I’m porting FreeRTOS SMP to a multi-core RISC-V processor that lacks Inter-Processor Interrupts (IPIs), and I’m seeking advice on my software-based workaround.
My Design: My approach is to use a shared array, volatile BaseType_t xYieldRequest[NUM_CORES], to signal when a core needs to reschedule.
Each core has its own timer interrupt firing at the tick rate.
In the ISR, Core 0 is the only one that calls xTaskIncrementTick().
All other cores simply poll their flag in the xYieldRequest array to decide if they need to perform a context switch.
Key Question:
I’m aware that the most direct issue with this polling design is the context switch latency, which can be up to one tick period.
My main question is: Besides this latency, what other fundamental problems or subtle side-effects should I be concerned about with this architecture?
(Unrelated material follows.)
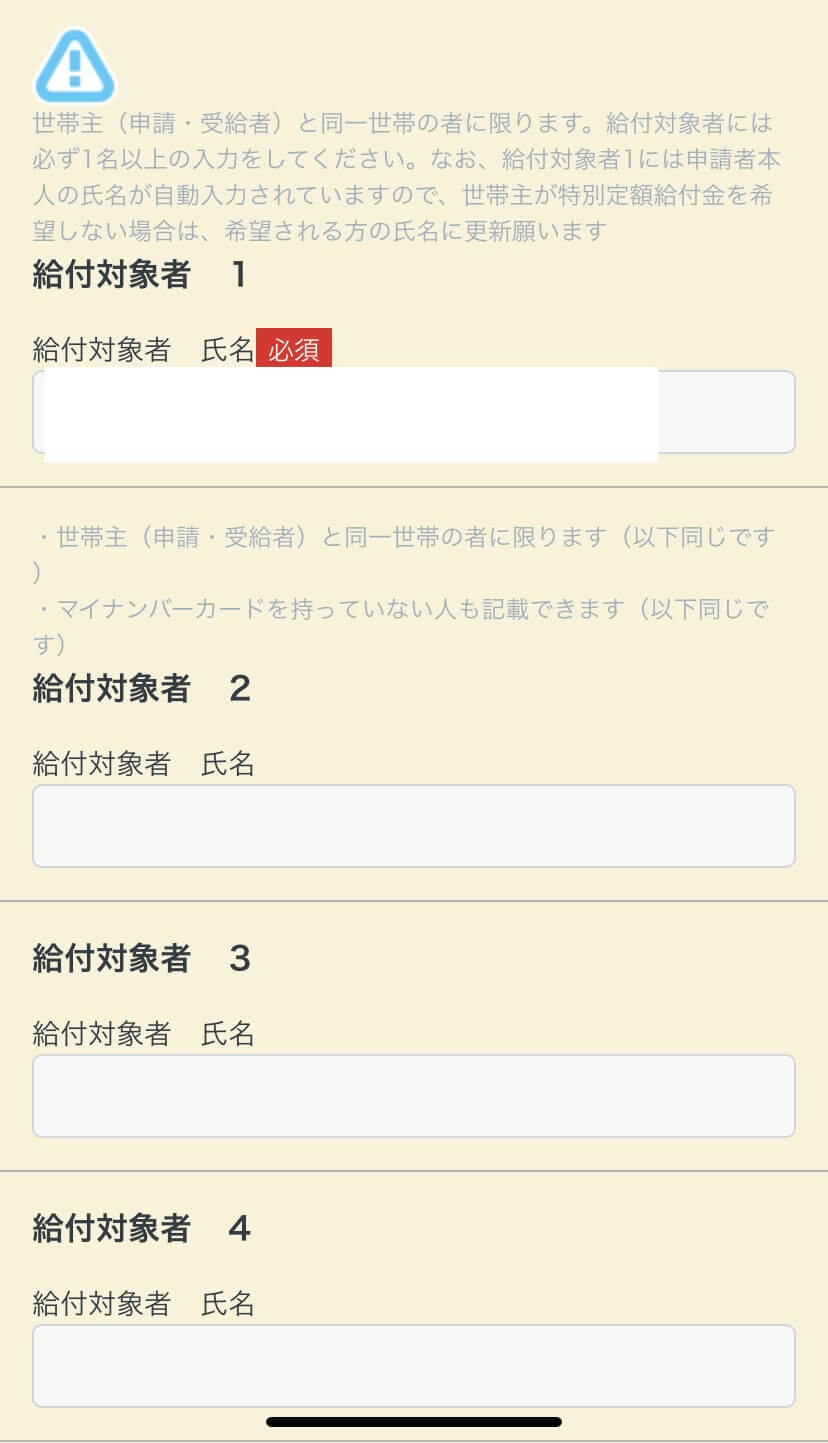 ▲給付対象者1にすでに自分の名前は入力されているので、給付対象者2以降に同居していて家計を共にしている家族の名前を入力する

One thing to watch out for is “volatile” might not be good enough, that just forces the code on the processor to check the variable, even it it knows it recently read it. You still need to make sure the two processors see a coherent view of that memory, so need to take into account any caching done by the processors.
If you don’t have an IPI, you still need to make sure you can implement the inter-processor locks that are needed, which again may need to worry about memory coherency.
Part of the issue is shared memory with sufficient native coherency tends to be slow as every read or write needs to arbitrate the access
FreeRTOS SMP handles yield requests from other cores (via portYIELD_CORE()) at the following places:
Waiting to enter the critical section in prvCheckForRunStateChange()
Checking xYieldPendings when leaving the critical section
Asynchronous yield request through IPIs when task is not in the critical section
The first two synchronous handling mechanisms may not be affected, but the third is impacted by replacing IPIs with shared-memory xYieldRequests.
I can think about the following drawbacks:
Memory-related Issues
As Richard mentioned, using shared-memory as IPIs should consider:
Memory coherency problems
Race condition concerns
Scheduler-related Issues
portYIELD_CORE now takes more time to take effect on other cores, resulting in:
Unpredictable context switch timing
Increased priority inversion duration
Delayed response to scheduling events
Performance Impacts
Polling xYieldRequests causes system performance impacts including:
CPU overhead
Increased power consumption
While this solution might work, you might need to carefully evaluate these trade-offs against your system’s requirements, especially regarding real-time constraints and performance needs.